In den letzten zehn Jahren wurden mehrere epidemiologische Studien sowohl in den Vereinigten Staaten als auch in mehreren industrialisierten Ländern mit repräsentativen Stichproben von erwachsenen Erwachsenen durchgeführt und die Prävalenz und die Auswirkungen traumatischer Erlebnisse und PTBS mit einer ausreichenden Anzahl älterer Erwachsener untersucht, um das späte Leben zu untersuchen Auswirkungen. Dies ist natürlich sehr aufregend und ein bedeutender Fortschritt sowohl für die Bereiche traumatischer Stress als auch für geriatrische psychische Gesundheit. Nun, da wir das getan haben, würde ich gerne mehr über die Erfahrung von Trauma und Ausdruck von damit verbundenem Stress bei den am wenigsten gesunden und potentiell "verletzlichsten" älteren Erwachsenen erfahren – jenen mit körperlichen, emotionalen oder kognitiven Beeinträchtigungen; diejenigen, die heimatgebunden sind; und Pflegebedürftige.

Obwohl die Prävalenz einer vollständigen PTBS relativ gering ist, gibt es Hinweise darauf, dass ältere Erwachsene möglicherweise klinisch wichtige PTBS-Symptome aufweisen. Ich denke, es wäre großartig, wenn wir unterschwellige PTBS in der älteren erwachsenen Bevölkerung sowie Trauma-bezogene Depression einladen könnten. Es gibt eine sehr robuste Literatur über Depression bei älteren Erwachsenen und nur eine Handvoll Artikel, die den Zusammenhang zwischen Depression und Trauma untersuchen.
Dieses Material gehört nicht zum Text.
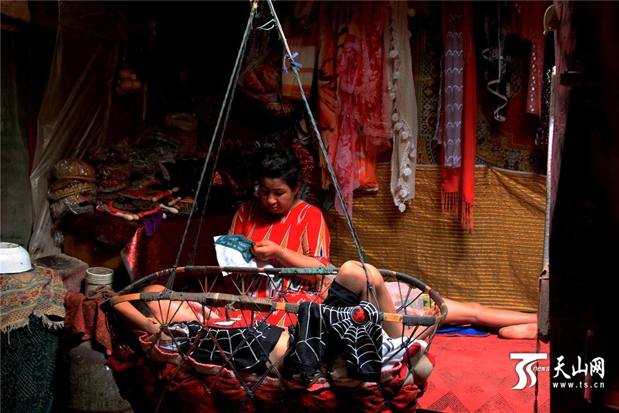 喀什老城中的一位妈妈在孩子熟睡时做着刺绣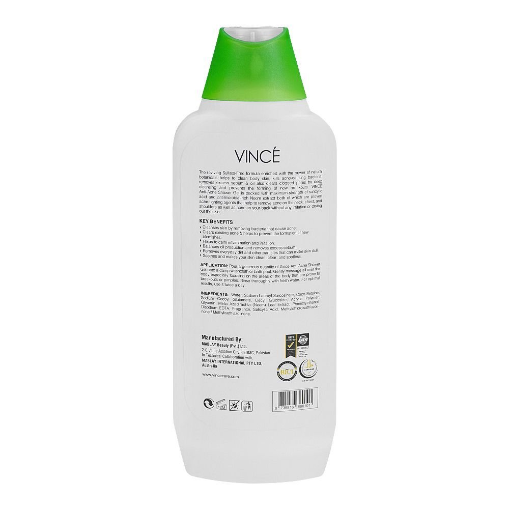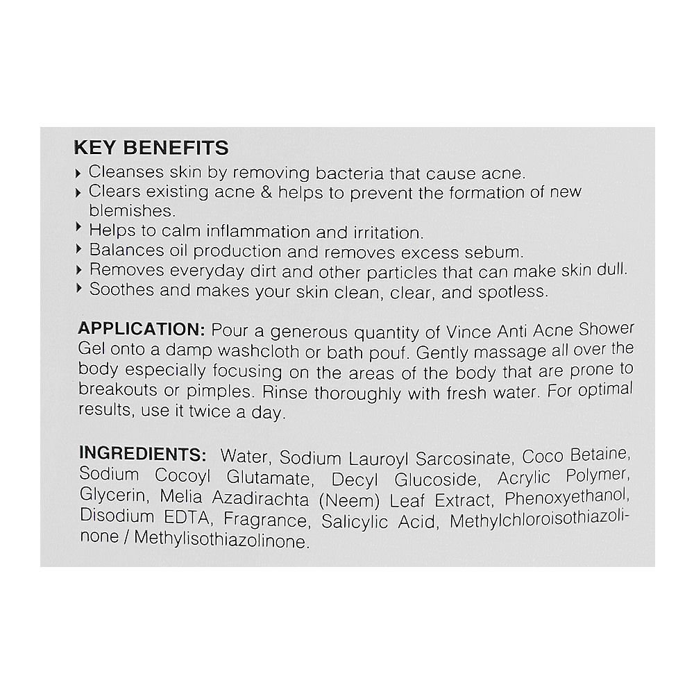 Vince Anti-Acne With Salicyclic Acid & Neem Extract Sulfate Free Shower Gel, 300ml

Obwohl das ältere Erwachsenenalter eine Altersspanne von mindestens 30 Jahren umfasst, sind die meisten Studien zu älteren erwachsenen Trauma-Überlebenden alle in eine generische ältere Gruppe von Erwachsenen unterteilt. Idealerweise würde ich gerne detailliertere Analysen (auch wenn sie explorativ sind) für jung-alt (65-74 Jahre), mittel-alt (75-84 Jahre) und alt-alt (85 Jahre und älter) sehen. Dies scheint eine ziemlich niedrige hängende Frucht zu sein, die die meisten Forscher versuchen könnten zu tun.

Ich habe auch andere Dinge in meine Wunschliste oben aufgenommen.

Urheberrecht: Shaili Jain, MD. Weitere Informationen finden Sie in den PLOS-Blogs.